Hi, I was wondering if anyone from northern new jersey or eastern pa had the dates of the 5 plowable snow storms we had in December.

Thanks.


----------



## JRDabs (Jun 8, 2003)

*NJ Dec Snow's*

Dec 3-4
Dec 5-6
Dec 9th
Dec 15-16
Dec 23rd Icing
Dec 31 Icing
You can goto www.accuweather.com and get the historical data.


----------



## JPMAKO (Dec 10, 2003)

December of 2005?
I only remember 2 events. Where in Northern NJ are You?


----------



## JRDabs (Jun 8, 2003)

The Dates I gave are for the events throughout the state. Not just NNJ.

JR
Lipinski Snow Services


----------



## JRDabs (Jun 8, 2003)

Long Island NY Dates

Dec 4
Dec 5-6
Dec 9
Dec 15-16
Dec 31


----------



## AintNoFun (Nov 26, 2003)

snow in NJ, what is this snow stuff your talking about... this winter is a joke


----------



## JRDabs (Jun 8, 2003)

Sell your seasonal contracts!!!! It's your insurance policy.


----------



## paponte (Oct 28, 2003)

JRDabs said:


> Sell your seasonal contracts!!!! It's your insurance policy.


Very hard to do lately JR, especially after a season like this one. It's almost like people don't want to even consider the chance that they can "lose" during a contract season.


----------



## JRDabs (Jun 8, 2003)

I totally agree that it will be difficult to sell next year. The past 3 years were ideal years to sell the seasonal contracts as the snowfall averages were above average. Most budgets for snow and ice management were blown. It cycles, just like everything else. Also, never sell a 1 year seasonal. Terms should always be minimum of 3 years.

Pray for snow!


----------



## paponte (Oct 28, 2003)

> Also, never sell a 1 year seasonal. Terms should always be minimum of 3 years.


Yes, I agree on that also. Which brings up another reason why they are hard to sell. A potential client doesn't really know the full potential of your outfit (other than what they have heard or have seen) and are most of the time Leary to sign for a long period. Also, what do you do in the case of a customer canceling before the end of the contract term?
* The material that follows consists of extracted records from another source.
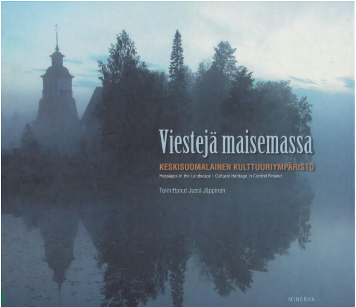
Kuva 2. Viestejä maisemassa. Keskisuomalainen kulttuuriympäristö -kirjan kansi.

maisemaa, sekä kirjan nimessä että kuvituksessa. Kirjan kansikuvassa Unescon maailmanperintökohde Petäjäveden kirkko on kuvattu usvaisessa maisemassa. Itse kirkko jää kuvassa suurimmaksi osaksi puiden taakse ja hautausmaan piirteet ovat vain vaivoin erotettavissa usvaisesta maisemasta. Kuvaa hallitsee taivas, vesi ja puusto, joka heijastuu myös tyyneen veden pintaan. Kirkon kellotapuli erottuu kuvassa ”viestinä maisemassa” ja myös se heijastuu vedenpintaan. Kirjassa on paljon panoraamakuvia, jota korostavat kirjan tavoitetta luoda kokonaiskuvaa keskisuomalaisesta kulttuuriympäristöstä. Maisemapainotuksen lisäksi kirjassa näkyy ohjelmatyössä 2000-luvulla voimistunut maakuntaidentiteetin korostaminen. Kirjassa kiinnittääkin huomiota, että kulttuuriympäristö-sanaa käytetään yksikössä: kirjassa pyritään luomaan kuvaa Keski-Suomen kulttuuriympäristöstä . Satakunnan kirjassa käytetään monikkoa ja puhutaan Satakunnan kulttuuriympäristöistä .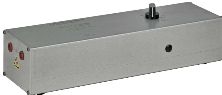
Abb. 2 Blick auf die Anschlüsse des Kondensators Fig. 2 View of the connectors for the capacitor

A capacitance of 15.7 nF is hard wired to the 4 mm safety laboratory connectors. The variable capacitor part gets added to the total capacitance value by using relays.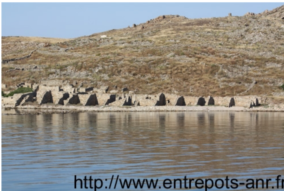
Fig. 2: La façade Ouest du Magasin des colonnes.

Les observations réalisées renforcent la conviction qu'il s'agit bien d'édifices commerciaux ayant eu plusieurs fonctions. La façade devait être consacrée au commerce de transit, puisque toutes les pièces étaient équipées avec des mezzanines ou des meubles et donnaient directement sur les quais. L'intérieur est plus complexe, organisé autour de cours qui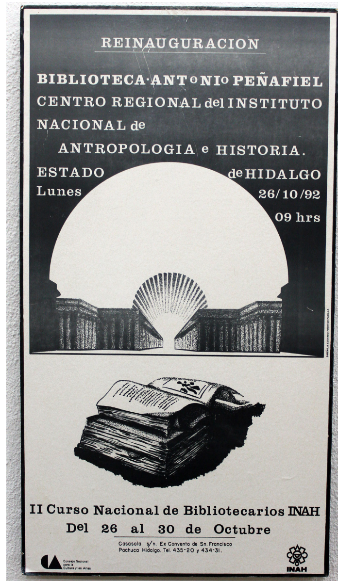
Cartel relativo a la reinauguración de la Biblioteca Antonio Peñafiel del Centro INAH Hidalgo en el marco del II Curso Nacional de Bibliotecarios del INAH celebrado del 26 al 30 de octubre de 1992.

La biblioteca Antonio Peñafiel del INAH Hidalgo, fue inaugurada en 1985 y su establecimiento era parte del proyecto de recuperación de los espacios del exconvento franciscano que aún se encontraban en ruinas; con su nombre se recuerda y se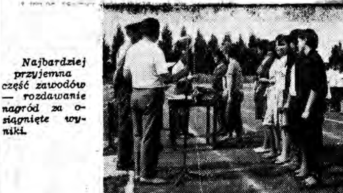
Najbardziej przyjemna część zawodów — rozdawanie nagród za osiągnięte wyniki.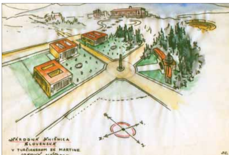
Návrhy Jozefa CINCÍKA na budovu a areál Slovenskej národnej knižnice

Pri príležitosti 20. výročia vzniku Československej republiky sa reálne uvažovalo o začiatku výstavby budovy SNK. Desiateho júla 1938 bol slávnostne položený základný kameň „paláca slovenskej vedy, literatúry, umenia a národnej kultúry“. Za touto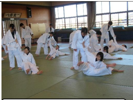
授業参観(保健体育)

1月13日(火)に中学校説明会が行われました。各学年の授業参観、中学校の生活や学習について、学校行事等の説明、部活動見学を実施しました。今回から、説明等はすべて生徒会役員が行い、立派に説明することができました。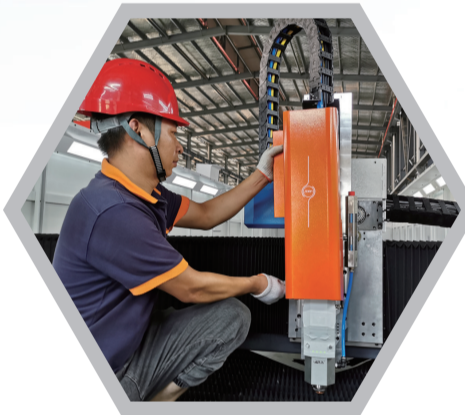
江苏讯发激光科技有限公司今年满负荷生产

龙头型、基地型重大项目接踵而至,厚植产业“强大基因”,得益于如皋紧紧围绕智能装备制造、高端新材料、新一代信息技术、光电及第三代半导体等五大制造业产业和现代物流、生态旅游等两大服务业产业,全面推进“云招商”模式,开跑即冲刺,开战即决战。对标苏南、跨江融合的前沿区域,如皋推动产港城深度融合,打造产业发展新高地,招来一个个重大项目。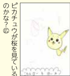
ピカチュウが桜を見ているのかな?④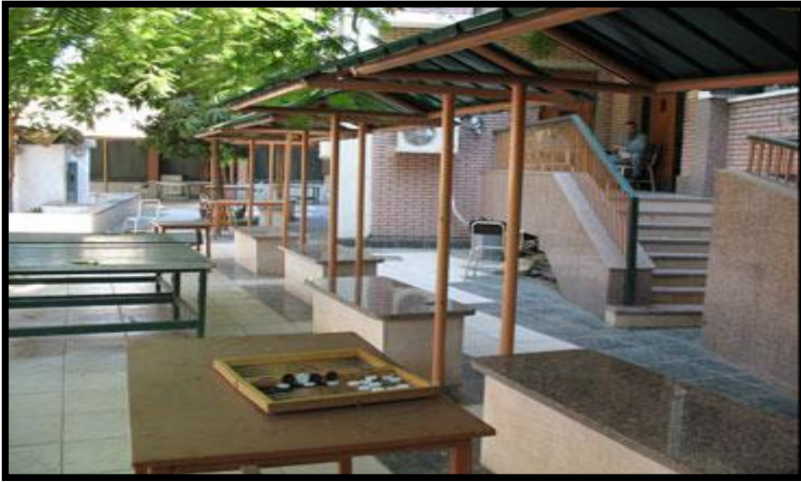
النادي الاجتماعي لمرضي الإدمان والطب النفسي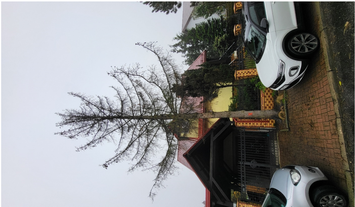
Dokumentacja fotograficzna drzewa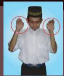
Jari tidak ditegakkan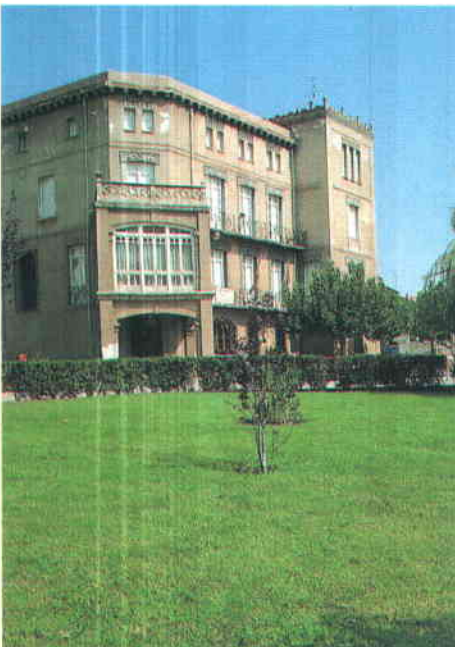
A la izquierda, el Palacio y los Jardines de la Baronesa, uno de los centros culturales más representativos de la ciudad de Arnedo. En la otra imagen, el nuevo edificio del Ayuntamiento de Logroño.

Posteriormente, Alcaldes del Partido Popular, crearon una Asociación Riojana de Municipios, cuyo Presidente era el Alcalde de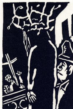
Aad de Haas, Zie de mens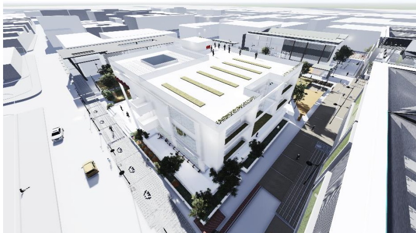
Fig 2. Vista aérea proyecto

El proyecto arquitectónico al estar emplazado entre las carreras 15 Bis y 15 BisA, le da la posibilidad de tener fachadas activas en todos sus lados, por tal motivo y al ser un elemento importante en el nuevo centro de manzana del Bronx, el proyecto debe convertirse en la puerta de bienvenida sobre la calle 9, a la plaza de encuentro del Bronx. Como tener esta relevancia en el complejo de equipamientos que configuran la nueva manzana del Bronx.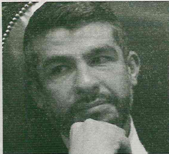
Ha olvidado a 19 mercados de la demarcación

Durante la reciente temporada de lluvias, los más de 240 locatarios del Mercado Escandón reclamaron que los trabajos realizados en 2023 durante la rehabilitación del sellado de cubierta de la techumbre, el mantenimiento de los canalones y bajadas de agua pluvial, cuyo costo fue de 4 millones de pesos, no sirvieron, pues se han reportado la pérdida de mercancía, derivado de las inundaciones y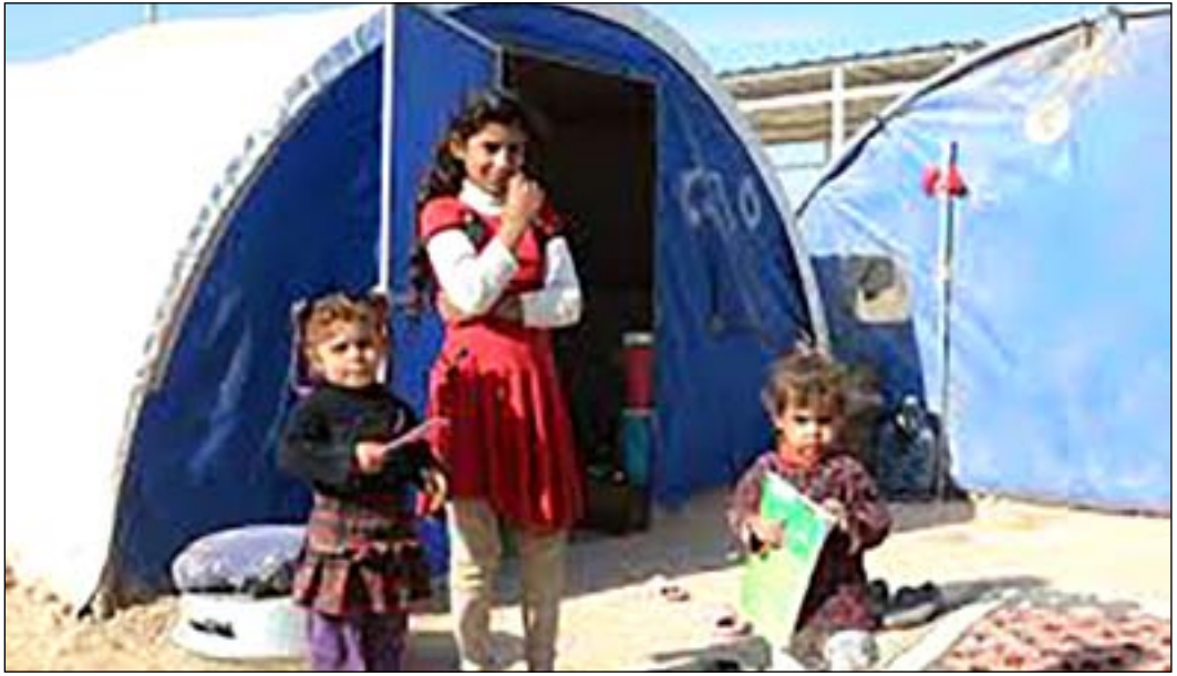
اطفال في مخيم للنازحين في دهوك.. ارشيف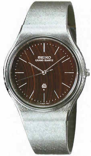
●QGN033 120,000円 99 GQ SS サファイアクリアレックス サードニクスダイヤル 9940<701-701> ★AS090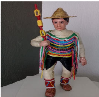
Danza de Sonajeros Chayacates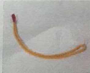
สายหลักสูตร ฝ่ายอำนวยการ

I always try and sell a season first when on an estimate, and just continually get beat down. We have been finding lately that we can just about compete on a "per push" rate, as our prices are ALWAYS more... due to reasons that we all know. Any tips or pointers that you have encountered to selling more seasonal would be greatly appreciated. Thanks.


----------



## JRDabs (Jun 8, 2003)

No Doubt. The seasonal is the toughest to sell in our marketplace. When you are prospecting, try to get a feel for the customers accounting practices. If they are very budget concience, that is your opportunity to sell the seasonal. Not every customer is an ideal candidate for seasonal. If you have a difficult site, you may want to be very careful about bidding seasonal in that situation. Also remember when you have a seasonal contract, the customer will demeand a much higher level of service that if they were paying by the inch!!! Trust me on that one!  Make sure your proposal has that covered.


----------